The Importance of Liquidity in the Forex Market
This search for liquidity goes on around the clock. If you understand how liquidity ebbs and flows around the 24-hour cycle, you will have an edge and understanding of why price moves the way it does during certain times of the day. Armed with this knowledge you can construct your strategies accordingly and identify the best time of the day to trade the markets. As you probably know, the spot foreign exchange market is a decentralized market and the most liquid market of all.
In other words, there is no central exchange through which trade orders pass, as there is in the equity and futures markets that have centralized exchanges. Instead, the market is simply an informal connected web of inter-bank dealers and large money centers around the world which have credit relationships with one another through interbank connections and retail trading platforms. As these various inter-bank dealers and large money centers wake up for business each day, liquidity and transaction volume shifts through different regions of the world.

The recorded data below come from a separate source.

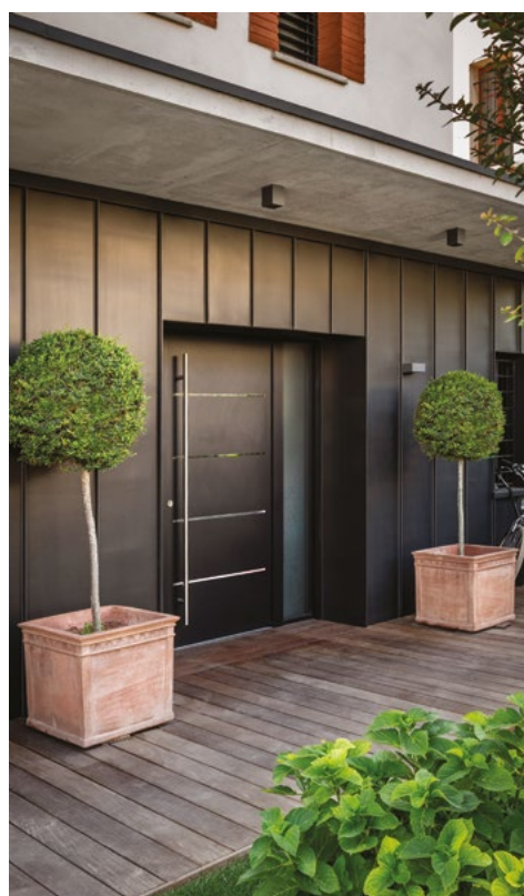
L'entrée de la maison est abritée par une casquette béton de 6 x 1,20 m. Soubassement en zinc noir.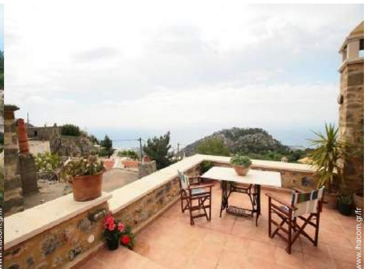
vue depuis la terrasse sur toit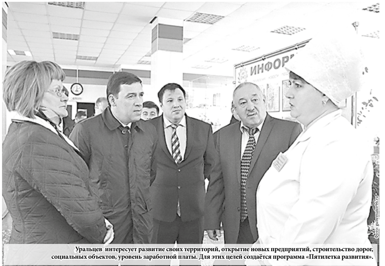
Уральцев интересует развитие своих территорий, открытие новых предприятий, строительство дорог, социальных объектов, уровень заработной платы. Для этих целей создаётся программа «Пятилетка развития».

«От вас зависит, какие стратегические документы будут приниматься на муниципальном уровне – их качество, проработка, учёт мнения местного сообщества. Чтобы у вас не возникало иллюзий: сложно будет говорить о выделении муниципалитетам средств из областного бюджета без чёткого понимания того, для решения каких конкретных стратегических задач эти средства направляются. Поэтому наличие стратегии муниципального образования становится определяющим. Стратегические приоритеты должны быть согласованы городским сообществом и скоординированы с программой развития Свердловской области», – заявил Евгений Куйвашев.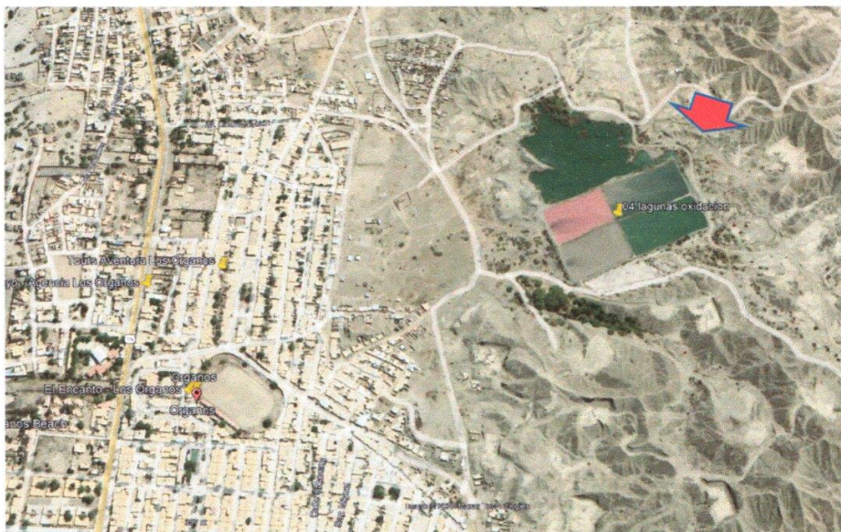
Ilustración 2. Ubicación de 04 lagunas al sur este de la ciudad de los Organos.

MUNICIPALIDAD DISTRITAL DE LOS ORGANOS GERENCIA DE INFRAESTRUCTURA Y DESARROLLO URBANO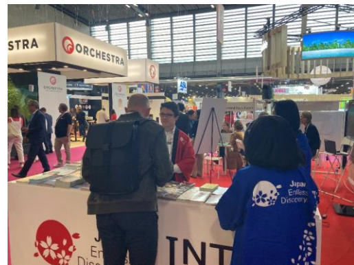
IFTM Top Resa 2022 での様子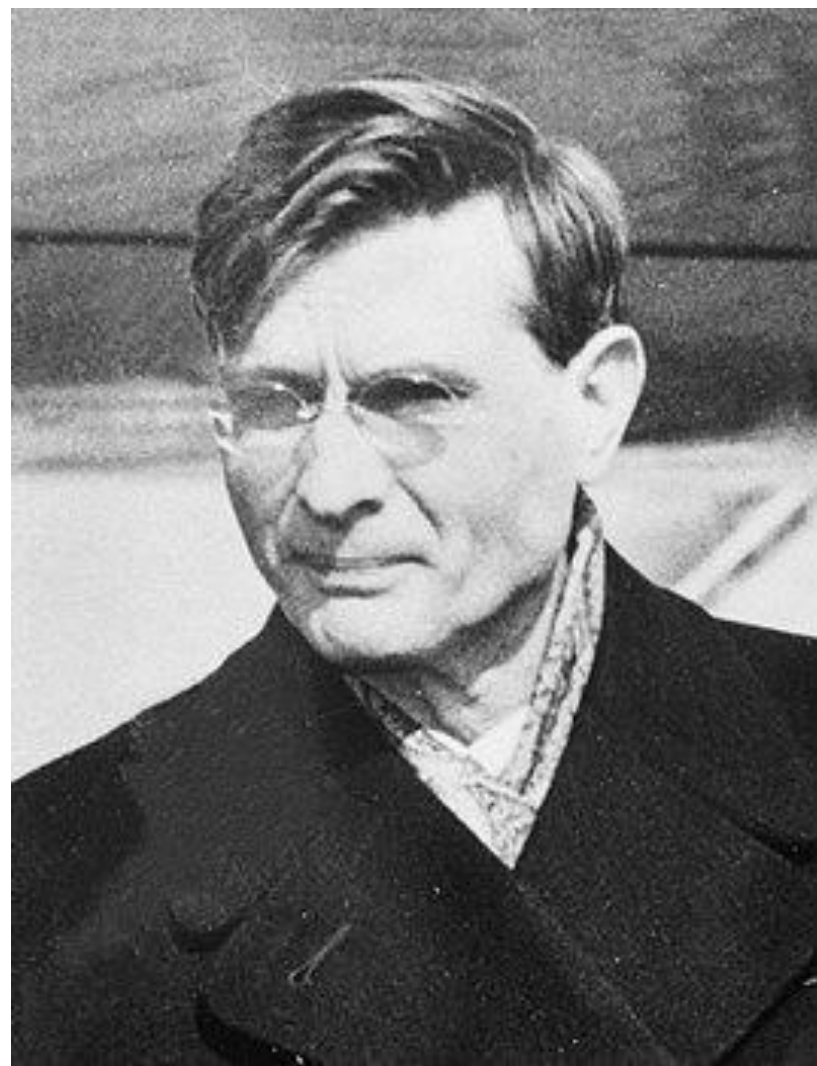
Михаил Андреевич Суслов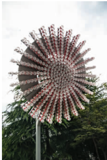
风车灯 用一堆矿泉水瓶，做成一个“大风车”灯。是不是风足够大的话，就能够自发电点亮？7月20日摄于河西大街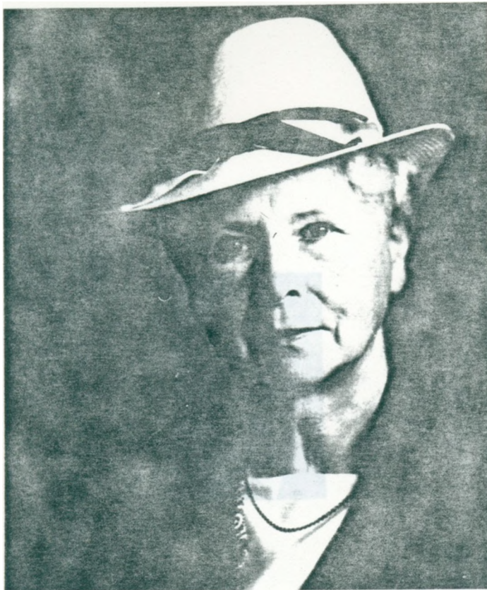
23. Farmors mormor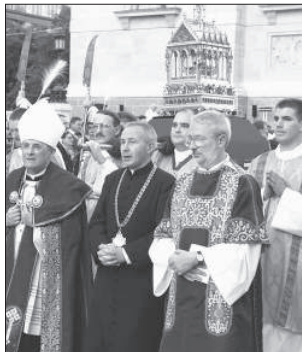
A II. világháború előtt a körmenet nem a pesti Ferences templomtól a Bazilikáig tartott, hanem a Budavári Palota Udvari Várplébániájától a Nagybaldogasszony-templomig

1990 óta augusztus 20. ismét Szent István ünnepe Magyarországon. Budapest a legfontosabb események a Bazilika körül zajlanak. Innen indul a Szent Jobb-körmenet is: elől István király jobb kezének ereklyéje, mögötte pedig keresztények és nem keresztények ezrei a Szent István tér – Zrínyi utca – Október 6. utca – József Attila utca – Nádor utca – Október 6. utca – Zrínyi utca – Szent István tér útvonalon.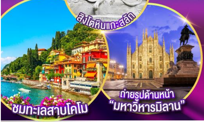
ชมทะเลสาบโคโม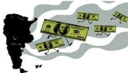
REDUCCIÓN EN LA SALIDA DE DIVISAS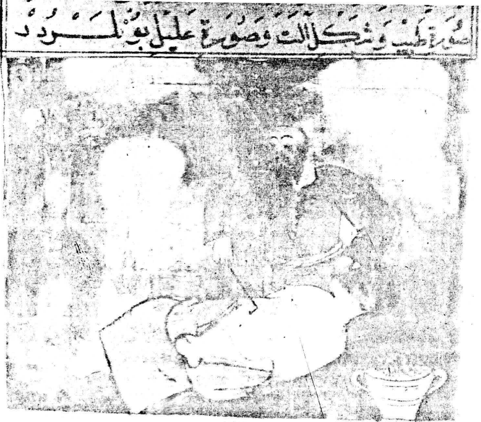
Resim 7. Varak 13 a Kadının gobekten tedavisi.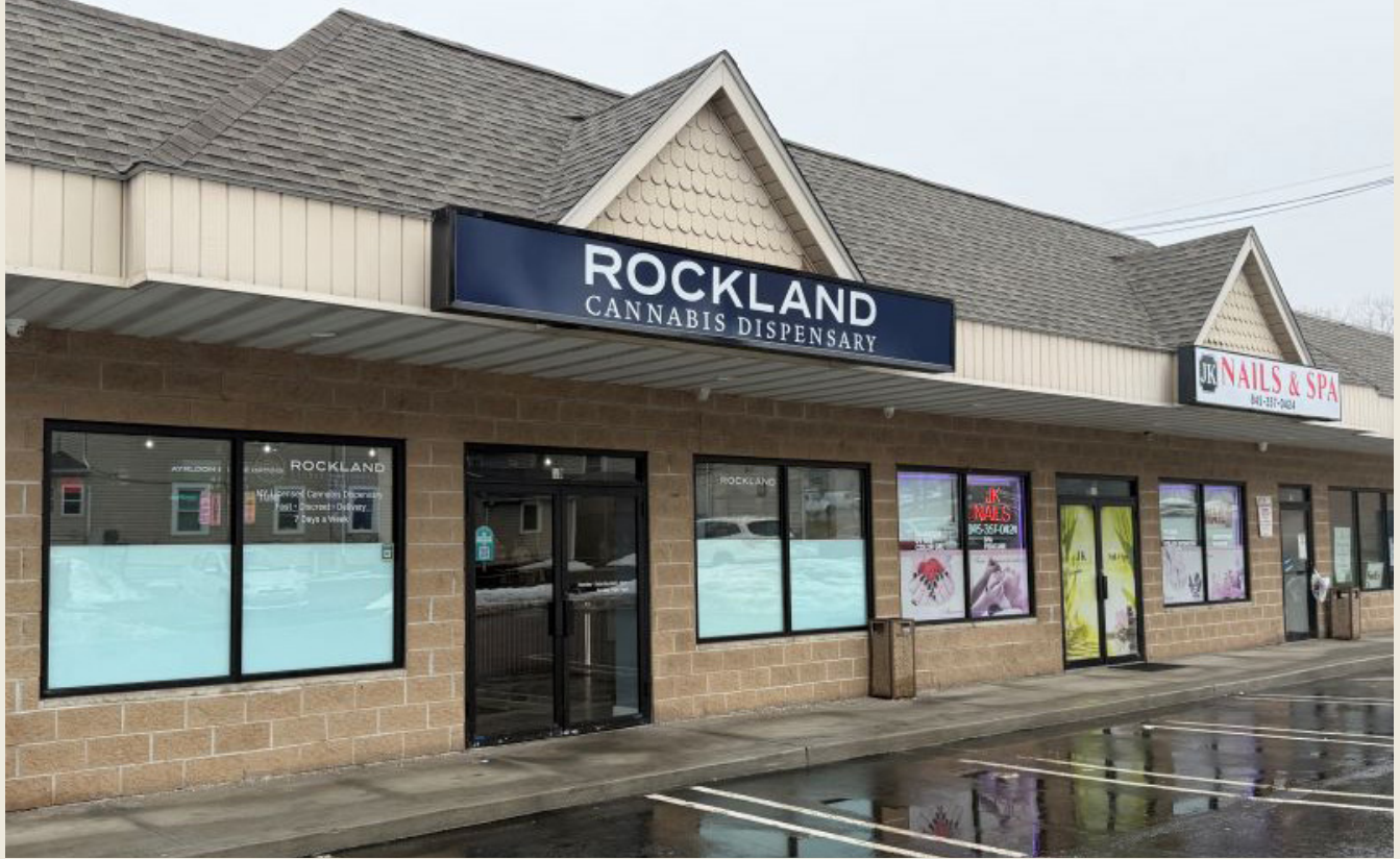
ニューヨーク市内はもちろん、郊外でも日常的に大麻販売店（Cannabis Dispensary）を見かける

Since spot FX transactions are executed and settled off-exchange, there is no regulated and centralized source of the pricing information. Prices of assets are set by these inter-bank dealers, and these prices vary by fractional basis points. For example, one liquidity provider may be offering (price to buy) EUR/USD at 1.0795 and another may be offering at a market price of 1.0799. A prime broker or retail ECN/DMA broker, who has credit relationships with multiple dealing centers and liquidity pools, will take the offer they like most competitive quotes and pass it on to their client (you, the trader).
Now, during liquid times of the day under normal market conditions, there will typically be deep pools of liquidity at every fractional price that provide traders with the best available prices. However, that depth of liquidity available ebbs and flows throughout the day, and this is what it is so important to fully understand.
Liquidity Pool FX By Session
There are three primary trading sessions in the FX market:
- The London Session
- The New York Session
- The Tokyo Session
Liquidity is deepest when two of these sessions are open at the same time. For example, liquidity is deepest when the London and New York trading sessions are simultaneously open, which is from 8 am to 11 am est. This is also the hours at which key economic data is being released. During periods when only one trading session is open, or no major trading session is open, available liquidity at each fractional price level is significantly less and the trading activity is lower. Therefore, large order traders that truly move the FX market are generally, in normal market conditions, unwilling to accumulate fresh long positions and big trades above key levels of resistance or fresh short positions below support.
One basic practical application you can take from this article is this—during times of deep liquidity, the price of currencies will tend to move in strong breakout movements, and the price will oftentimes break above resistance and below support. However, during times of the day when liquidity is not as deep (1:30 am to 3:00 am est and 5:30 to 8:00 am est, for example), you can expect the price to not break above areas of key resistance or below areas of key support because of the increased cost of execution for large order traders (the market movers).
Therefore, when you see the price of an asset break up to resistance or break down to support during a time of low liquidity, watch for trend opportunities to fade the momentum and trade back into the previous dealing range.